Di tempat terpisah, Wakil Bupati Kepulauan Mentawai, Kortanius Sabeleake menyebutkan sejak tahun 1970-an perusahaan kayu mengeksploitasi Mentawai, tidak ada kontribusi yang diterima Orang Mentawai. Hal tersebut sesuai publikasi yang ditulis dalam buku 20 tahun YCMM memperjuangkan Hak Masyarakat Adat yang berjudul, "yang terus di garis lurus".
“Kontribusi mereka membuat kerusuhan dan konflik antar masyarakat, kita diadu,” katanya.
Pemda Mentawai hanya mendapat pembagian Dana Alokasi Khusus Dana Reboisasi Rp2 miliar dari pemerintah pusat hasil eksploitasi hutan Mentawai.

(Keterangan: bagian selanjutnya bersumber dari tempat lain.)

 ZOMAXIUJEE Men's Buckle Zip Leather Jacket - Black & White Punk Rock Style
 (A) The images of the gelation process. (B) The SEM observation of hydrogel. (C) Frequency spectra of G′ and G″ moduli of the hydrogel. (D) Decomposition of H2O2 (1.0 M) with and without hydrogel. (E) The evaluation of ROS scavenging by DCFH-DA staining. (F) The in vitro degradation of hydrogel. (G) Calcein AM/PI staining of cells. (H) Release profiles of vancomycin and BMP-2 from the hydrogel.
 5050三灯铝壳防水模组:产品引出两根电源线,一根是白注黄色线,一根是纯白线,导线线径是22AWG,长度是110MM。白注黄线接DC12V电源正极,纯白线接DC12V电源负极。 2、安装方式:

Pendapatan itu sangat timpang dibanding pendapatan asli daerah dari sektor pariwisata di Mentawai yang menyumbang Rp10 miliar setahun.

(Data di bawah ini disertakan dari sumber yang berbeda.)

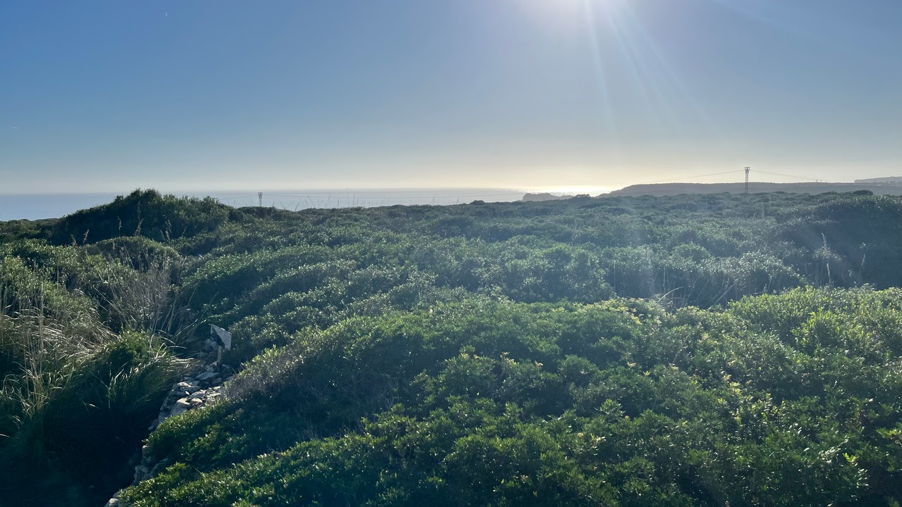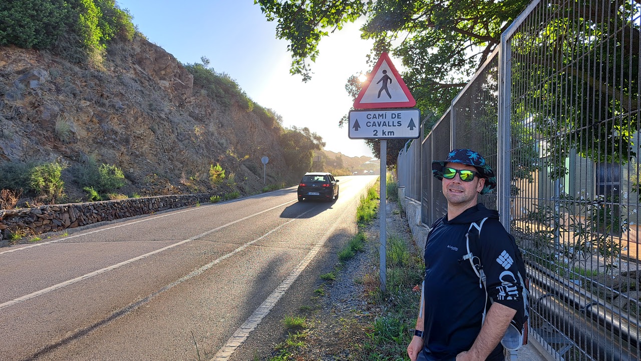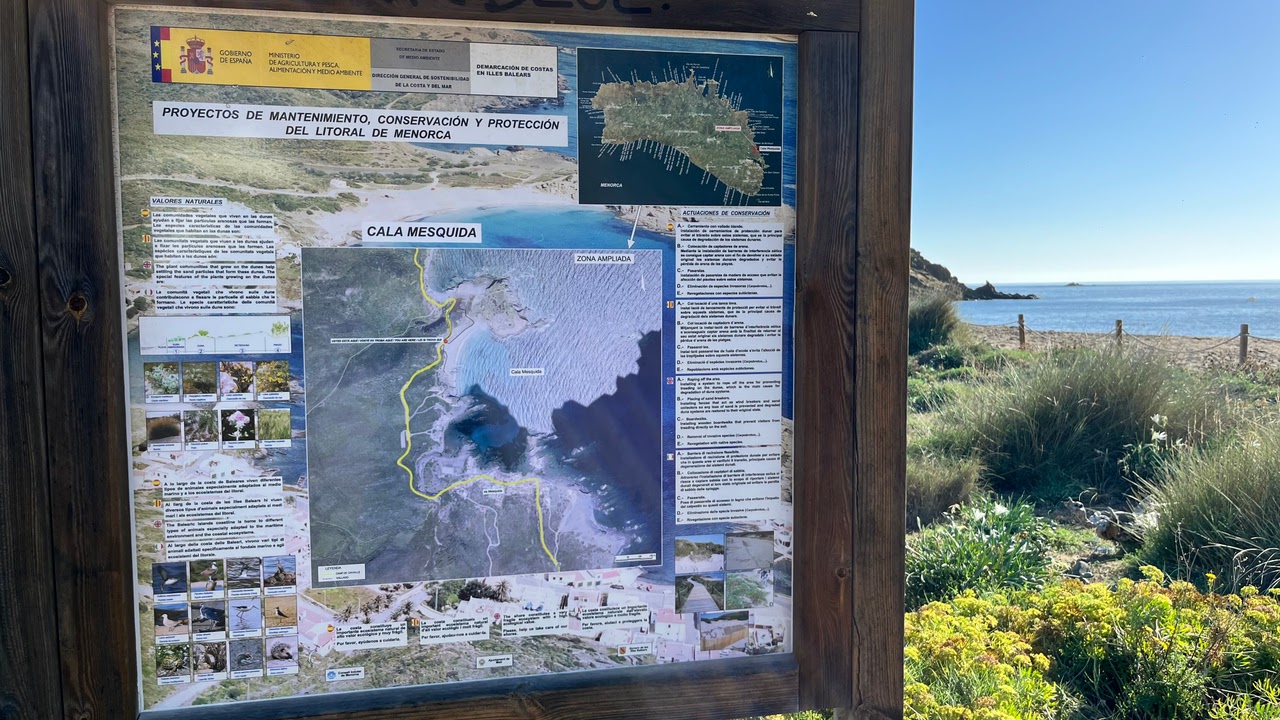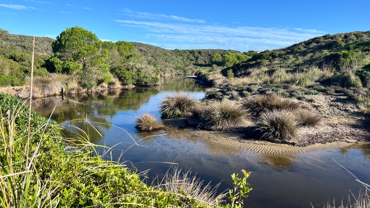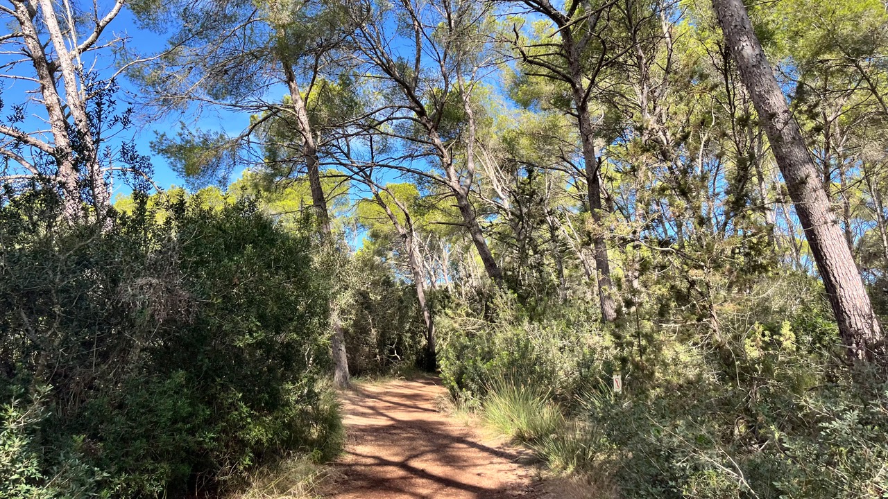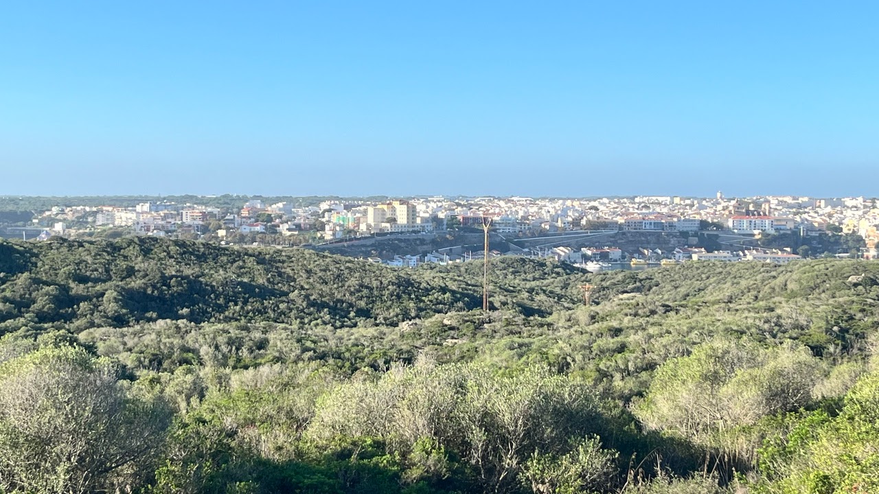 Wir liefen durch die Gassen mit dem südländischen Flair in Richtung Hafen. Als wir dort ankamen, hatten wir den Ausblick in Richtung Yachthafen. Dieser war voll mit Booten und sehr von Industrie geprägt. Wir liefen weiter und kurz vor dem Ende der Bucht hatten wir einen herrlichen Rückblick auf die Stadt und das Franziskanerkloster, welches über der Stadt thront. Nach einer Brücke begann der Weg entlang der Straße nach Sa Mesquita. Kein besonders schöner Weg, aber hier und da hatten wir ein paar mal schöne Aussichten zurück nach Maó. Plötzlich hörten wir eine Stimme aus den Büschen neben der Straße und wir trafen auf Francesca, die auch dem auf dem Camí unterwegs war. Google hatte ihr eine schönere alternative Route vorgeschlagen aber diese führte mitten durch Büsche und ihre Beine waren dadurch schon komplett verkratzt. Marcel kam ihr zur Hilfe und zeigte ihr den Weg raus. In der Feriensiedlung Sa Mesquita, an der Nordküste angekommen, suchten wir nach einem Supermarkt, aber dort war keiner zu finden. Sa Mesquita ist ein schöner ruhiger Ferienort mit ein paar Häuser und einem beliebten Strand. Ab dort gingen wir zusammen mit Francesca weiter und merkten, dass wir sogar das gleiche Ziel für den Abend hatten. Der weitere Küstenpfad eröffnete uns viele schöne Buchten und ein paar knackige Anstiege über die Dünen waren auch dabei. Die Ausblicke ließen uns immer wieder stauen. Wir machten einen Abstecher in das Örtchen Es Grau und deren Supermarkt. Wir kauften was leckeres zu Essen ein, um die Mittagspause auf später zu verschieben – natürlich für die perfekte Bucht mit anschließendem Bad im Meer.

“Kita rugi, kayu kita habis, kita yang kena dampaknya banjir, dana Corporate Social Responsibility (CSR) pun tidak kita terima, bahkan laporannya tidak ada,” kata Korta.
Melki Sanenek tak sendiri, Absalom Sakailoat, salah satu tetua suku Sakailoat juga menolak HTI. Pria 70 tahun itu mengetahui kehadiran HTI di kampungnya namun tak mengerti apa tujuannya.
Absalom menyebutkan menguasai tanah sukunya tanpa izin merupakan tindakan yang tak bisa dibenarkan.
Direktur Yayasan Citra Mandiri (YCM) Mentawai, Rifai mengatakan pengakuan melalui Peraturan Daerah Nomor 11 Tahun 2017 tentang Perda PPUMA harus dimanfaatkan terutama oleh masyarakat agar kedudukan mereka selaku Masyarakat Adat sah sebagai subyek hukum.
Dengan demikian, lanjut Rifai sebagai subyek hukum mereka bisa menegakkan hak-hak adatnya ketika berhadapan dengan subjek hukum yang lain baik perusahaan maupun pemerintah.
“Ketika suku-suku pemilik tanah di lokasi HTI sudah memperoleh pengakuan, maka mereka bisa menolak HTI jika menurut mereka kehadiran HTI akan memberikan dampak negatif terhadap berbagai sektor kehidupan mereka. Tetapi jika menurut mereka kehadiran HTI bisa menjadi peluang bagi perbaikan berbagai aspek kehidupan mereka, mereka bisa menegosiasikan kepentingan mereka secara lebih kuat dengan pihak HTI dan pemerintah, berbasis pada hak-hak mereka yang harus dipenuhi oleh pihak lain yang ingin berhubungan dengan mereka selaku subyek hak dari hak-hak adat yang mereka miliki,” kata Rifai.
Perjuangan yang tidak asing bagi komunitas masyarakat adat. “Maka perlu saya tegaskan jika belum ada izin dari kami sebagai pemilik tanah maka tidak boleh mereka masuk. Tidak mudah menyelesaikan sengketa tanah di Mentawai, nenek moyang kami mati-matian mempertahankan tanah kami sejak dulu,” kata Absalom.
Liputan ini dihasilkan dengan dukungan oleh Internews’ Earth Journalism Network.